§ **SUPPLIED DATA**:
=-=-=-=-=

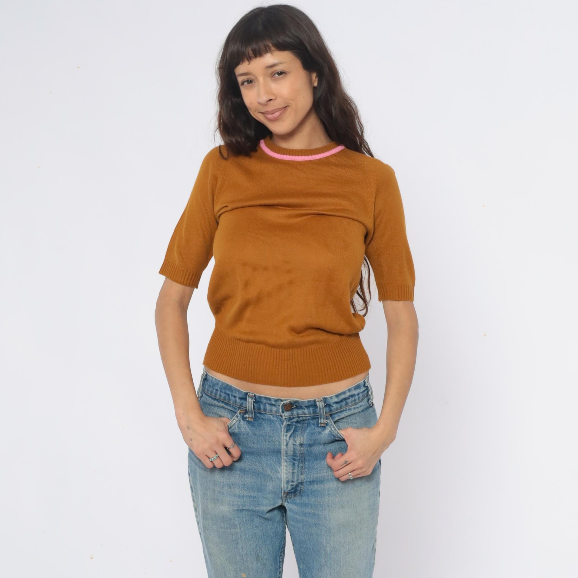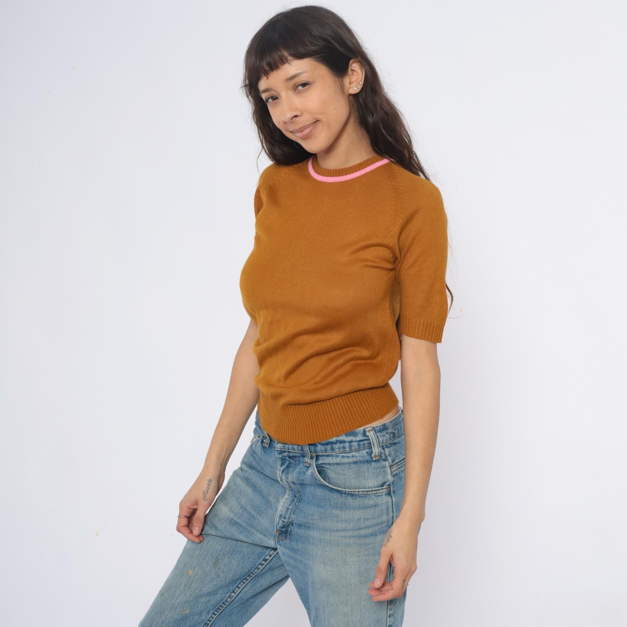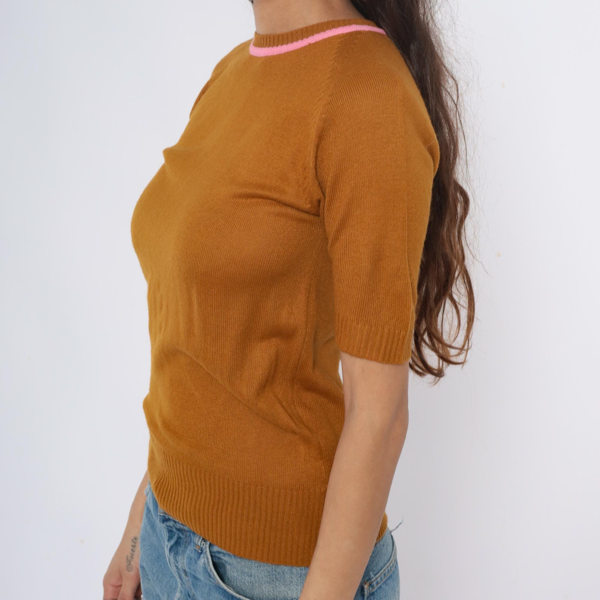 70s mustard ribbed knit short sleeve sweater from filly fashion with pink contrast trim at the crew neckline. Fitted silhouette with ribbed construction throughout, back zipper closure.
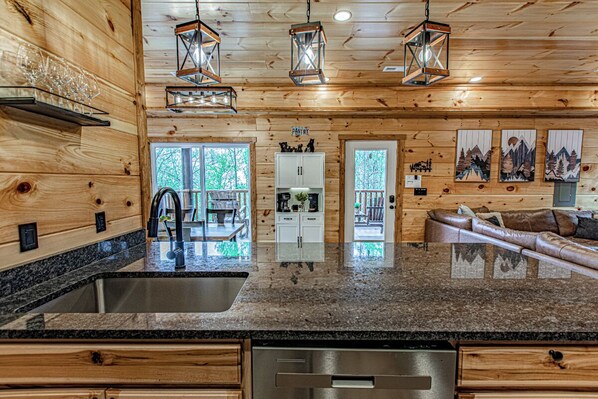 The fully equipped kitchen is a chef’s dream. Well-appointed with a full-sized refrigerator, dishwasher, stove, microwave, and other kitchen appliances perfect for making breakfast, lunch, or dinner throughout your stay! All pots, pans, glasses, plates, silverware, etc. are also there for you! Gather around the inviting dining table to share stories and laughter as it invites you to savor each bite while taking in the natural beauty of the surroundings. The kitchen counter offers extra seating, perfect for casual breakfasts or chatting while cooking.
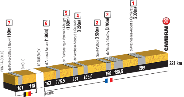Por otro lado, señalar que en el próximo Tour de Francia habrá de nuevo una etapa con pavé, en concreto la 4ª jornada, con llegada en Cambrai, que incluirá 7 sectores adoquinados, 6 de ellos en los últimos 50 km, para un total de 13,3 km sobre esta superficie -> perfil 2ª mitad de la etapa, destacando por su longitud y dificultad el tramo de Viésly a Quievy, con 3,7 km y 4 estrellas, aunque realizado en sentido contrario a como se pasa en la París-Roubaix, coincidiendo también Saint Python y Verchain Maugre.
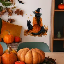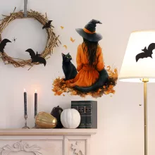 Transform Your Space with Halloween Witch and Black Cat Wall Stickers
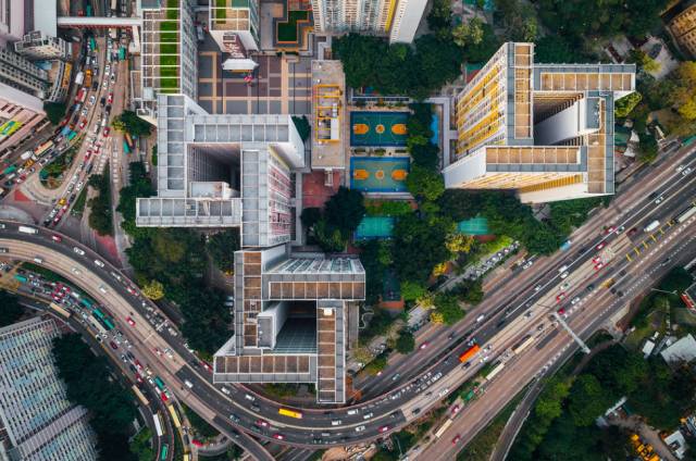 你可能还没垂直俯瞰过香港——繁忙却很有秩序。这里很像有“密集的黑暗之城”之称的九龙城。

=-=-=-=-=

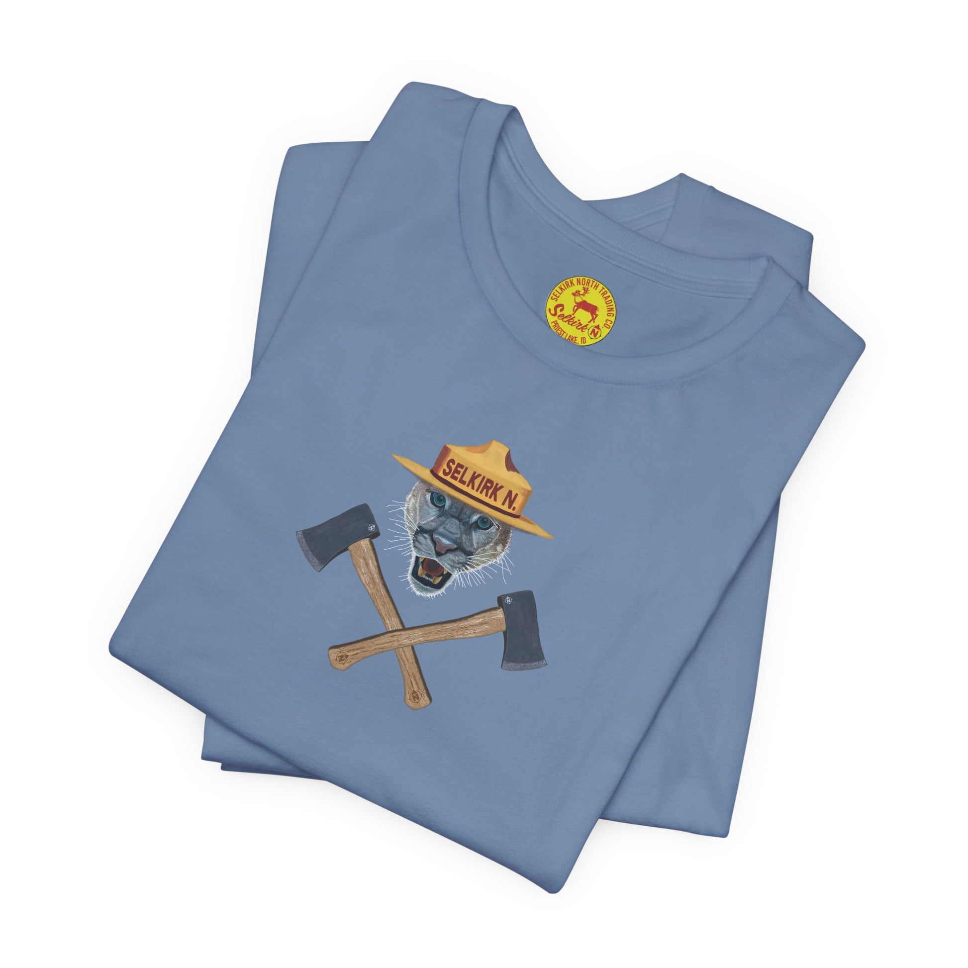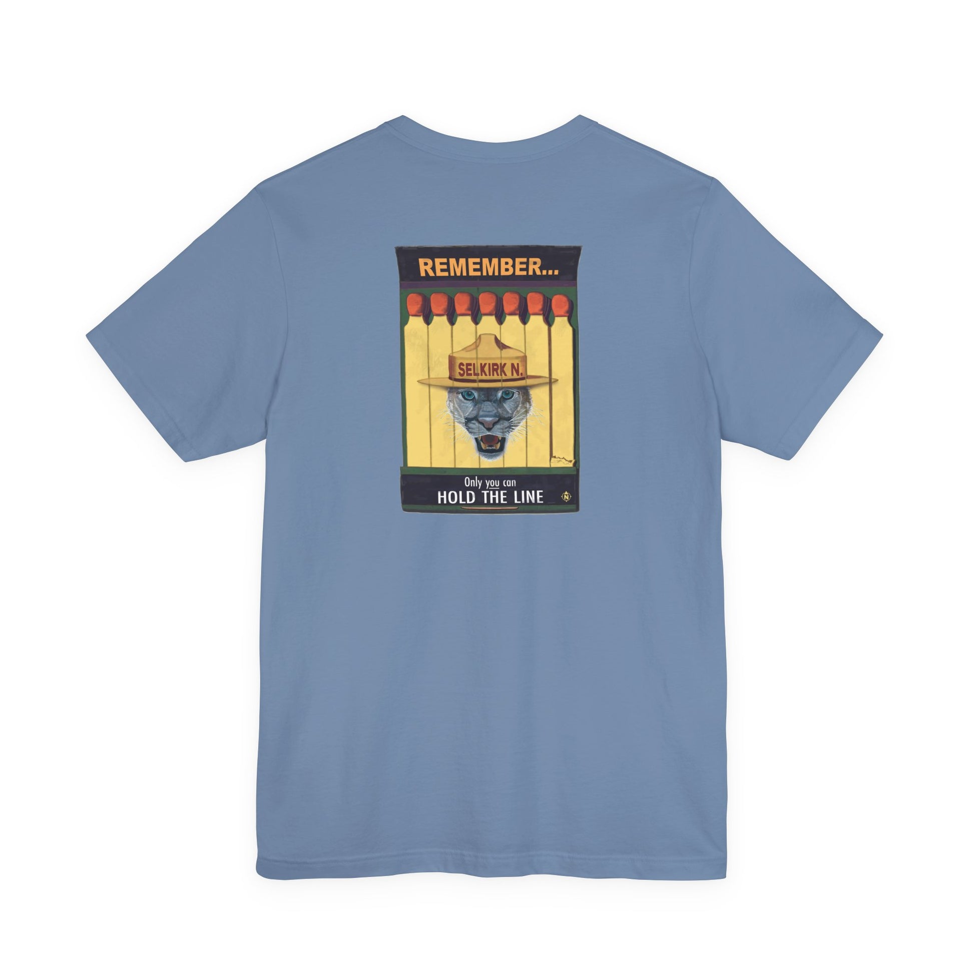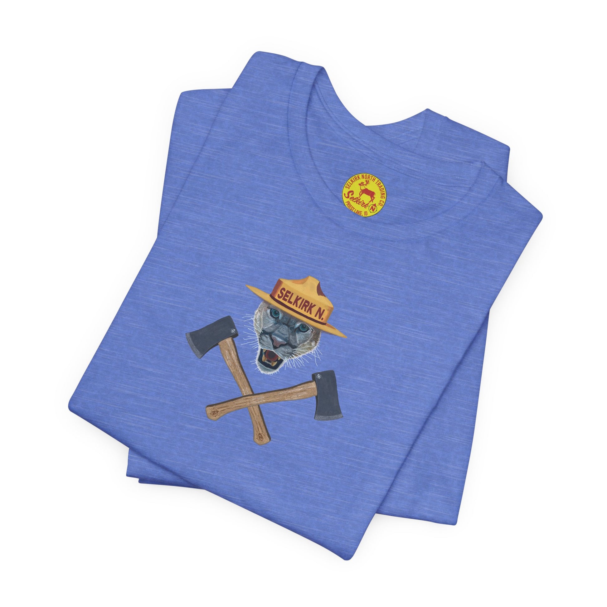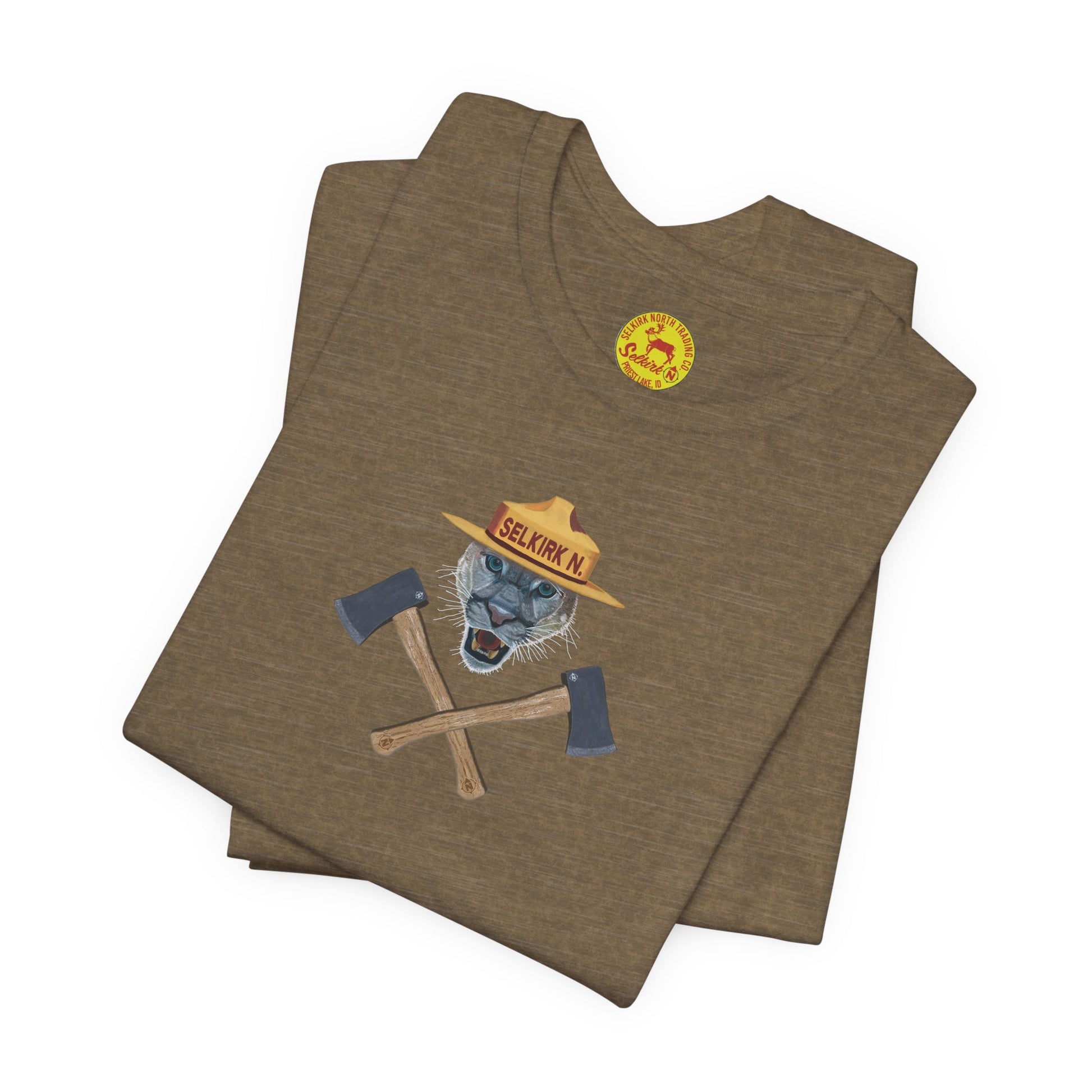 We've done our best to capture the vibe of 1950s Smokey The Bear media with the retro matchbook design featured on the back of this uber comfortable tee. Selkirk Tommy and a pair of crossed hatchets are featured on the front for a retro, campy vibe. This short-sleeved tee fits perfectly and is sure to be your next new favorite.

=-=-=-=-=

§ **EXERCISE REQUIREMENTS**: Excerpt from the records above: set down only the lines from the one that contains "70s mustard ribbed" through the one that contains "The fully equipped", inclusive, word for word. Pictures stay out.

§ **OUTPUT OF THE TASK**:
 70s mustard ribbed knit short sleeve sweater from filly fashion with pink contrast trim at the crew neckline. Fitted silhouette with ribbed construction throughout, back zipper closure.
 The fully equipped kitchen is a chef’s dream. Well-appointed with a full-sized refrigerator, dishwasher, stove, microwave, and other kitchen appliances perfect for making breakfast, lunch, or dinner throughout your stay! All pots, pans, glasses, plates, silverware, etc. are also there for you! Gather around the inviting dining table to share stories and laughter as it invites you to savor each bite while taking in the natural beauty of the surroundings. The kitchen counter offers extra seating, perfect for casual breakfasts or chatting while cooking.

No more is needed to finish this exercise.